▶ What you need to do
Transcribe the listing below verbatim, omitting pictures.

▶ Material provided
Segment Open
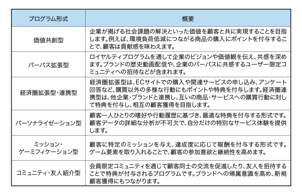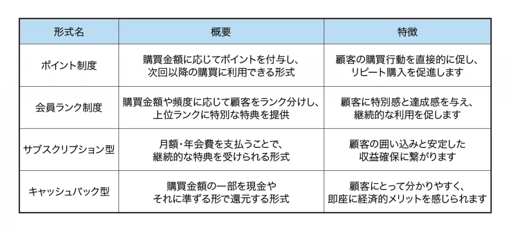 ロイヤルティプログラムには多種多様な形式が存在するため、自社の目的や顧客層に合った最適な形式を選ぶことが重要です。
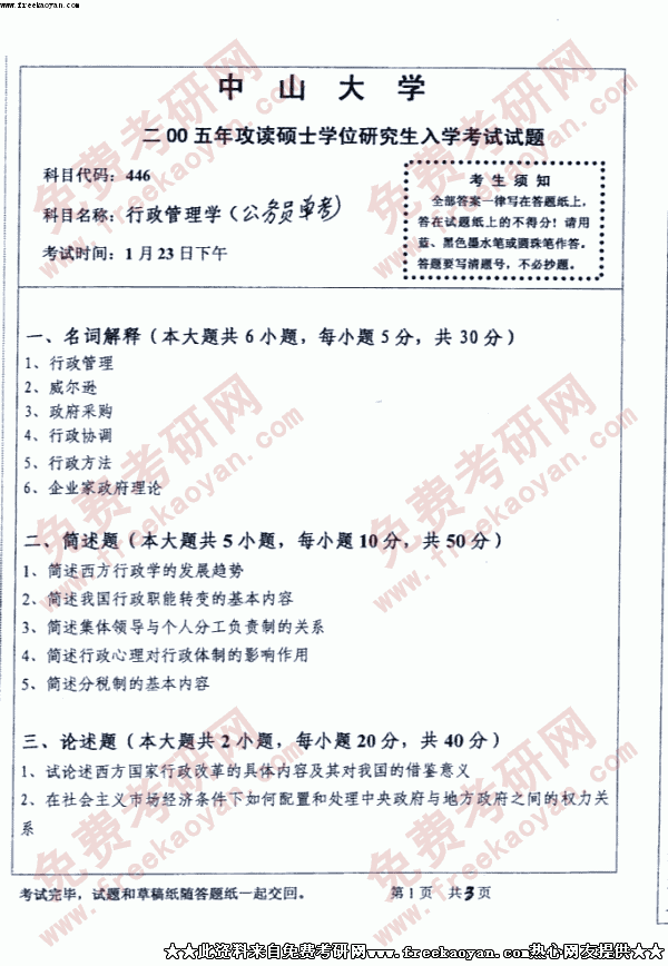 中山大学2005年考研真题-行政管理学(公务员单考)
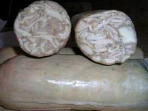 Landouille de viande corrézienne est faite d’un mélange de morceaux de maigre et gras de porc haché, assaisonné avec épices, poussé dans un gros boyau de porc et elle présente la particularité d’être saumurée.
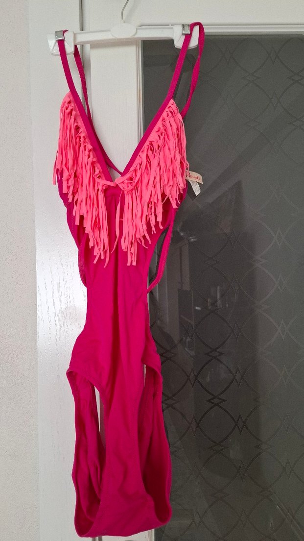 Püsküllü ve ince askılı, pembe bohem tarzı kadın mayo, renkli ve cesur parti kombinleri için uygun.
Segment Closed
▶ Response below
 ロイヤルティプログラムには多種多様な形式が存在するため、自社の目的や顧客層に合った最適な形式を選ぶことが重要です。
 中山大学2005年考研真题-行政管理学(公务员单考)
 Landouille de viande corrézienne est faite d’un mélange de morceaux de maigre et gras de porc haché, assaisonné avec épices, poussé dans un gros boyau de porc et elle présente la particularité d’être saumurée.
 Püsküllü ve ince askılı, pembe bohem tarzı kadın mayo, renkli ve cesur parti kombinleri için uygun.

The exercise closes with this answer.